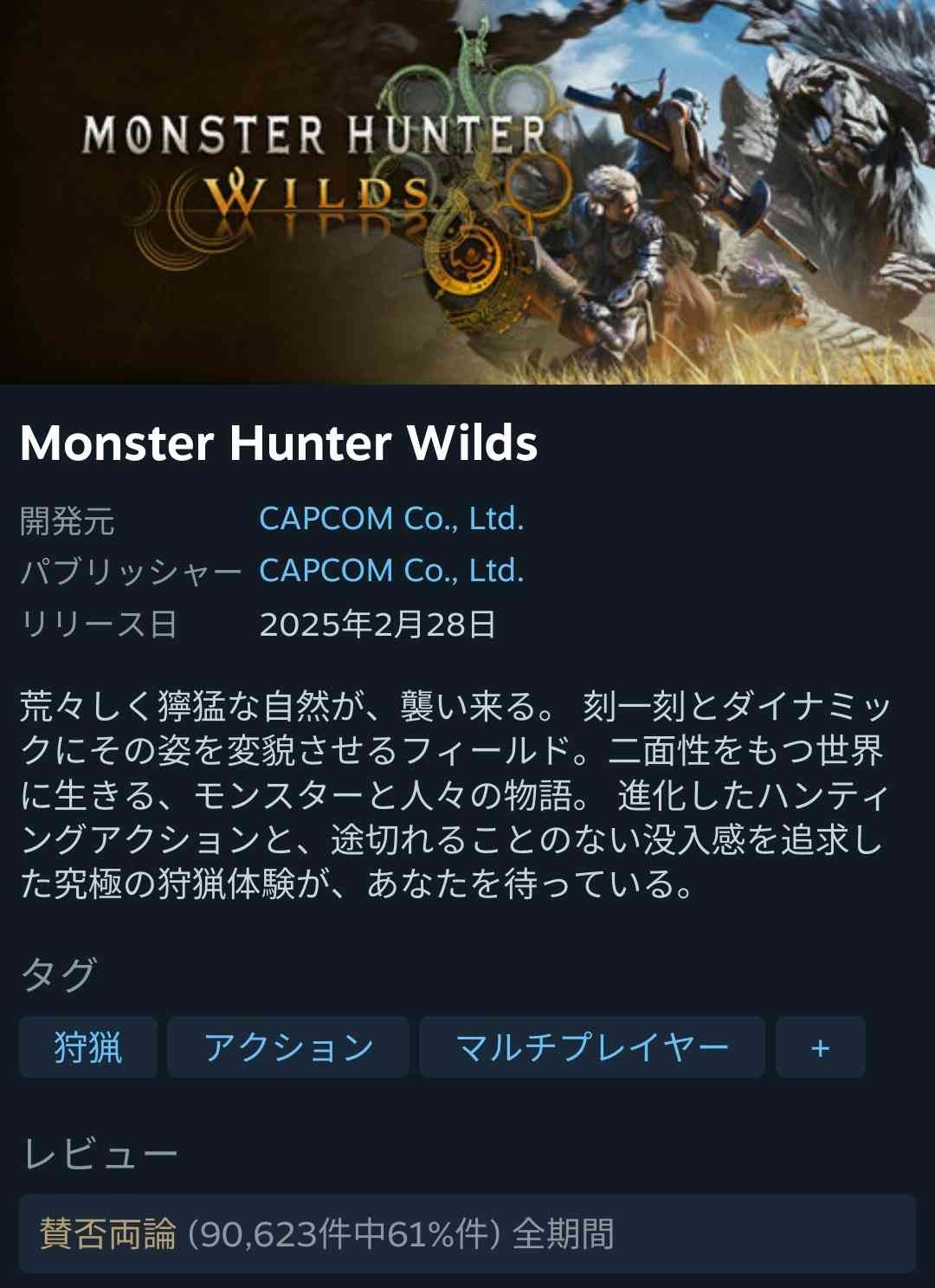 - Steamレビュー賛否両論 (90,623件中61%件)
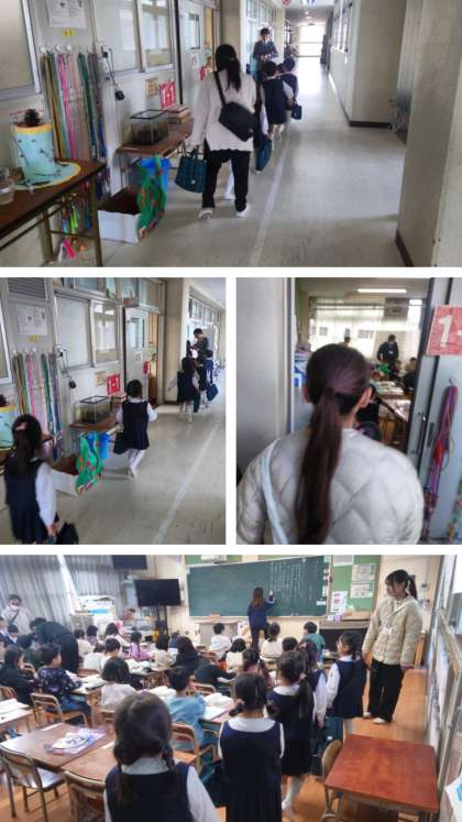 1年生の教室で授業のようすを見たり、職員室や図書室を見学したり、プールをのぞいたりしました。
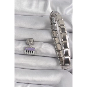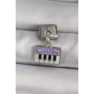 316L Çelik Gümüş Renk Sallantı Mor Piyano Figür Nomination Charm
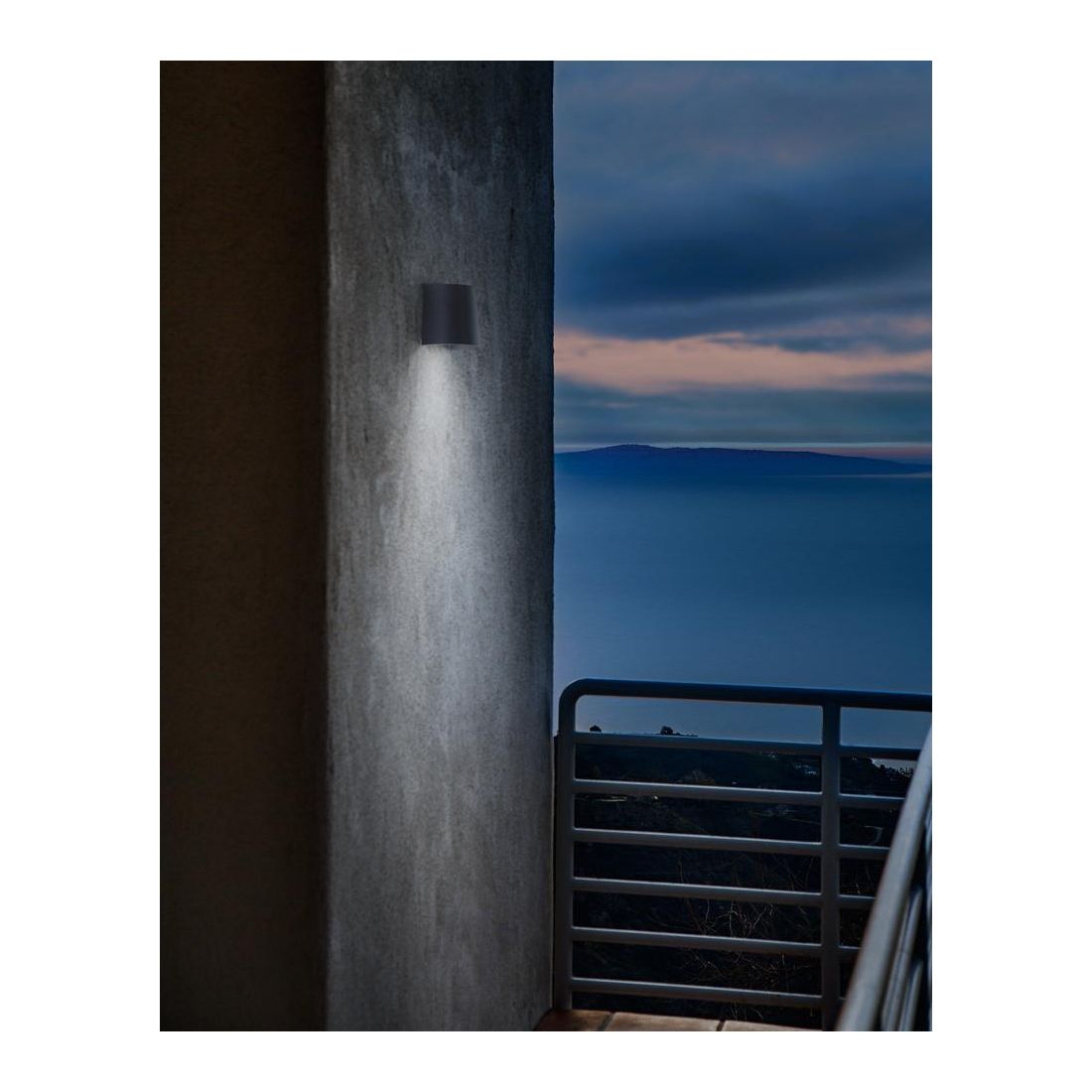 Lampada da parete, dal design moderno, che si presenta con una struttura conica realizzata interamente in materiale plastico PC/ABS nei colori Bianco oppure Antracite (a vostra scelta) che emana una luce rivolta esclusivamente verso il basso.

****************************************

> TASK DIRECTIONS: Would you please write out exactly the lines between the line containing "316L Çelik Gümüş" and the last line of the listing above, inclusive, without pictures?

> SOLUTION TO THE PROBLEM:
 316L Çelik Gümüş Renk Sallantı Mor Piyano Figür Nomination Charm
 Lampada da parete, dal design moderno, che si presenta con una struttura conica realizzata interamente in materiale plastico PC/ABS nei colori Bianco oppure Antracite (a vostra scelta) che emana una luce rivolta esclusivamente verso il basso.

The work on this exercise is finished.